Cour de justice de l’Union européenne, le 8 octobre 2020, n°C-568/19

Par une décision rendue le 8 octobre 2020, la Cour de justice de l’Union européenne précise les conditions d’application de la directive deux mille huit cent quinze. Un ressortissant d’un pays tiers séjourne irrégulièrement sur le territoire espagnol depuis l’expiration de son titre de séjour obtenu au titre du regroupement familial. L’autorité administrative ordonne son éloignement du territoire national alors que l’intéressé invoque son intégration sociale et l’absence de tout antécédent pénal. Le tribunal administratif de Tolède rejette le recours formé contre cette décision administrative de retour assortie d’une interdiction de réadmission de cinq ans. La Cour supérieure de justice de Castille-La Manche, saisie en appel, constate que la loi nationale privilégie l’amende en l’absence de facteurs aggravants. Le juge européen doit déterminer si l’administration peut écarter une loi nationale favorable pour appliquer directement les obligations de retour prévues par la directive. La juridiction répond négativement en soulignant que les autorités nationales ne peuvent pas invoquer une directive non transposée contre un seul particulier. Cette solution impose d’étudier le refus de l’effet direct descendant de la directive avant d’analyser la primauté du principe de légalité.

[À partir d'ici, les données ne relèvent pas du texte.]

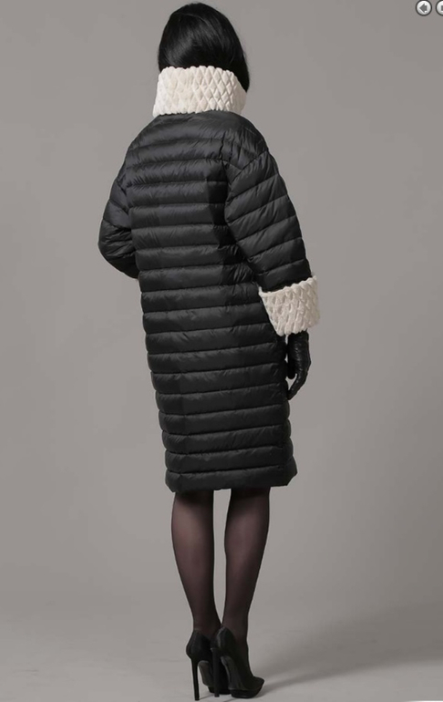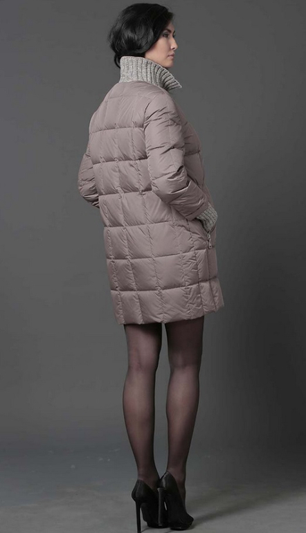 | Модный пуховик на каждый день. Модель приталенного силуэта, застегивается на молнию. Дополнен вставками из трикотажа на капюшоне, манжетах и вставкой на передней планке.Трекотаж не съемный. Длина средняя |

I. Le refus de l’effet direct descendant de la directive retour

A. L’interdiction de créer des obligations à la charge des particuliers

La Cour rappelle qu’une directive européenne ne saurait imposer par elle-même des obligations à un individu sans une transposition correcte en droit interne. Le juge énonce qu’une « disposition d’une directive ne pouvant pas être invoquée en tant que telle par un État membre à l’encontre d’une personne ». Cette jurisprudence constante interdit à l’administration d’aggraver la situation d’un administré en se fondant exclusivement sur une norme européenne non encore intégrée. L’État ne peut tirer avantage de sa propre défaillance pour ne pas avoir adapté sa législation aux objectifs fixés par le législateur de l’Union. La protection du particulier contre l’application directe de contraintes supra-nationales constitue ainsi un rempart essentiel au sein de l’ordre juridique européen.

B. La persistance de la norme nationale plus favorable à l’intéressé

La législation espagnole prévoit que le simple séjour irrégulier peut être sanctionné par une amende plutôt que par une mesure d’éloignement physique. Bien que cette option soit contraire aux objectifs de la directive retour, elle demeure la seule base légale applicable pour sanctionner le ressortissant. La Cour de justice souligne que « cet État membre ne peut se fonder sur cette directive pour adopter » une décision de retour non prévue. Le juge national doit donc appliquer la sanction la moins sévère si les conditions spécifiques posées par le droit interne ne sont pas réunies. L’absence de facteurs aggravants dans le comportement de l’individu empêche alors légalement le prononcé d’une mesure d’expulsion par les autorités.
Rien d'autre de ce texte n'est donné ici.